Twój adres lufy był używany przez Colta od około 101000 do 215000, co pasuje do Twojego numeru seryjnego. Zatrzask dźwigni w Twoim egzemplarzu to gruby styl, używany od 165000 do 215000, co ponownie pasuje do numeru seryjnego Twojego rewolweru. To samo dotyczy występu lufy (gruby styl, 165000 do 215000). Od 118500 do 215000, na większości ram, znajdował się frezowany rowek zwany „gniazdem na czapkę” przechodzący przez osłonę odrzutu, widoczny po prawej stronie ramy. Czy Twój to ma? Ponadto wycięcie osłony odrzutu po prawej stronie jest o 1/8" mniejsze niż w numerach seryjnych przed 118500, więc wysokość wycięcia powinna wynosić około 0,812" od góry do dołu w najszerszym miejscu. Zobaczmy, co jeszcze.... radełkowanie młotka powinno być typu „luźnego” i nie mieć obramowania. Twój kabłąk spustu to duży, zaokrąglony typ odpowiedni dla 85000 do 215000. Jak stwierdziłem powyżej, Twój wygląda na oryginalny. Brak sceny na cylindrze nie jest dla mnie wskazaniem oryginalności lub nie. Scena była często słabo walcowana i szybko się zużywa, chociaż numer seryjny jest prawie zawsze widoczny. Czcionka numerów seryjnych, które widzę, wygląda poprawnie. Chwyty były prawie zawsze jednoczęściowe. Czy Twój pękł na 2 części i ktoś użył śruby? Kiedy je rozłożysz, czy możesz powiedzieć, czy był to pierwotnie jednoczęściowy chwyt? Większość informacji czerpię z książki Swayze'a. Stwierdza, że ".36 cala" zawsze było stemplowane na kabłąku spustu po lewej stronie po numerze seryjnym 140000. Użyj lupy na swoim egzemplarzu, aby sprawdzić, czy jakikolwiek ślad przetrwał bicie, które miało miejsce na mosiądzu. Inicjały lub numery inspektorów nie zostały znalezione w żadnych Navy po numerze seryjnym 194000.
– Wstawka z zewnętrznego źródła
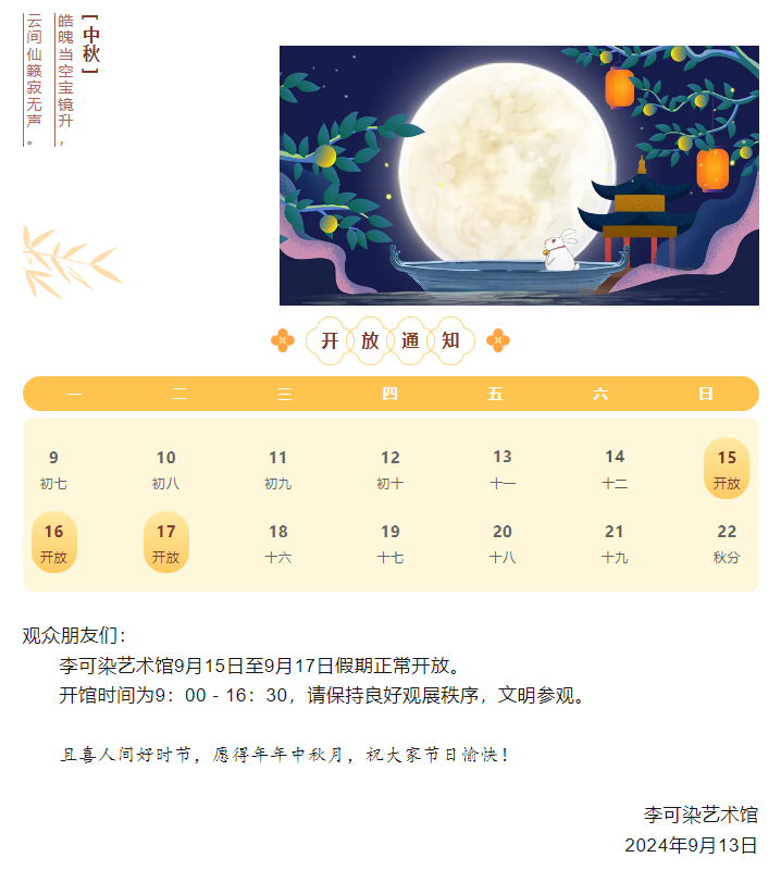 李可染艺术馆2024年中秋假期开放公告
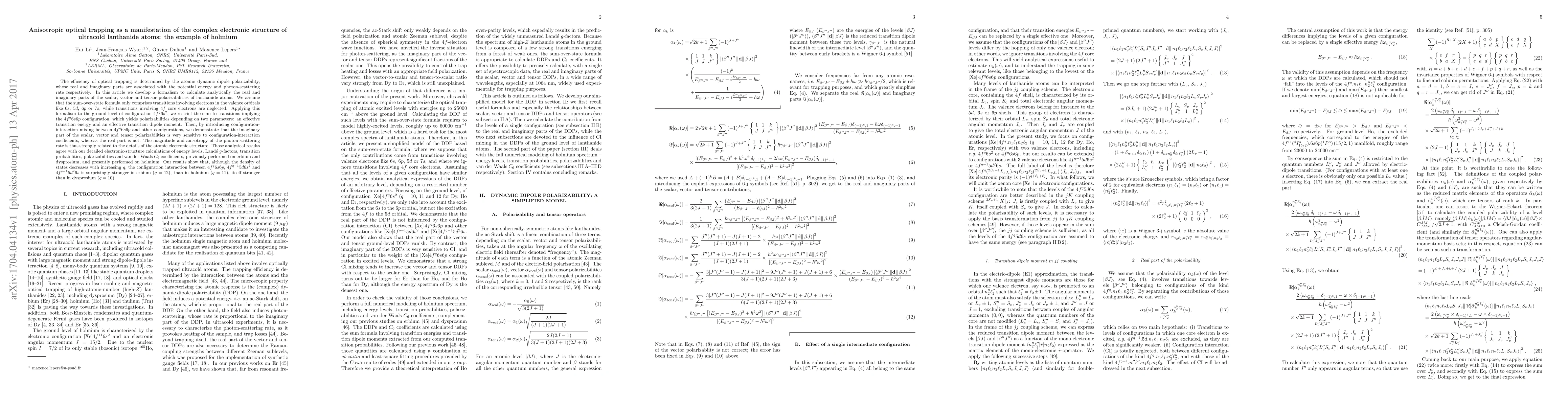 This paper develops a formalism to analytically calculate the polarizabilities of lanthanide atoms, focusing on holmium, and shows that the optical trapping efficiency is strongly influenced by the atomic electronic structure, particularly configuration-interaction effects. The results align with previous calculations for erbium and dysprosium, revealing stronger configuration interactions in erbium than in holmium.

Mam nadzieję, że to pomoże. Istnieją problemy, które można naprawić w Twoim Navy. Główka śruby dźwigni ładującej powinna znajdować się po lewej stronie. Czy na dźwigni ładującej znajduje się numer seryjny? Jeśli chwyty były pierwotnie jednoczęściowe, przykleiłbym je z powrotem i spróbował wypełnić otwór, jeśli dobrze sobie z tym radzisz (dopasuj kierunek słojów, kolor itp.). Można dopasować klin zastępczy, może nie wskazane, ponieważ obecny jest spatynowany do pistoletu. Moją jedyną obawą byłby cylinder... czy jest tam numer seryjny? Nawet jeśli jest to zamiennik, z pewnością jest z pistoletem od jakiegoś czasu, ponieważ patyna pasuje do reszty pistoletu.
Czy wszystko się cykliczne i jest dobrze wyważone?
Uważam, że wcale nie jest to Brevet ani imitacja. Brevety były autoryzowane przez Colta i dlatego nie miały powodu, aby dokładnie używać tych samych oznaczeń itp., i w rzeczywistości nie pamiętam, żebym widział brevet, który to zrobił. Imitacje z drugiej strony nigdy nie wykonały dokładnie tej samej pracy, co Colt... widać to w dziwacznie ukształtowanych kabłąkach spustu, głupich chwytach, dziwnych występach lufy i dziwnych kątach lufy do chwytu. Gdybym zobaczył Twój pistolet na wystawie broni, wyłącznie na podstawie dostarczonych przez Ciebie zdjęć, nie kwestionowałbym jego oryginalności, z wyjątkiem być może cylindra. To moje 2 centy w każdym razie i prawdopodobnie to, co przyniosłaby moja opinia!!! Z pewnością nie jestem ekspertem, po prostu uwielbiam 51 Navy (i 1866 Winchestery) i przyglądam się każdemu, na którego natrafię.
Jeśli możesz zamieścić kilka zdjęć prawej strony i użyć lupy na TG (a także na cylindrze, aby zobaczyć ślad numeru seryjnego).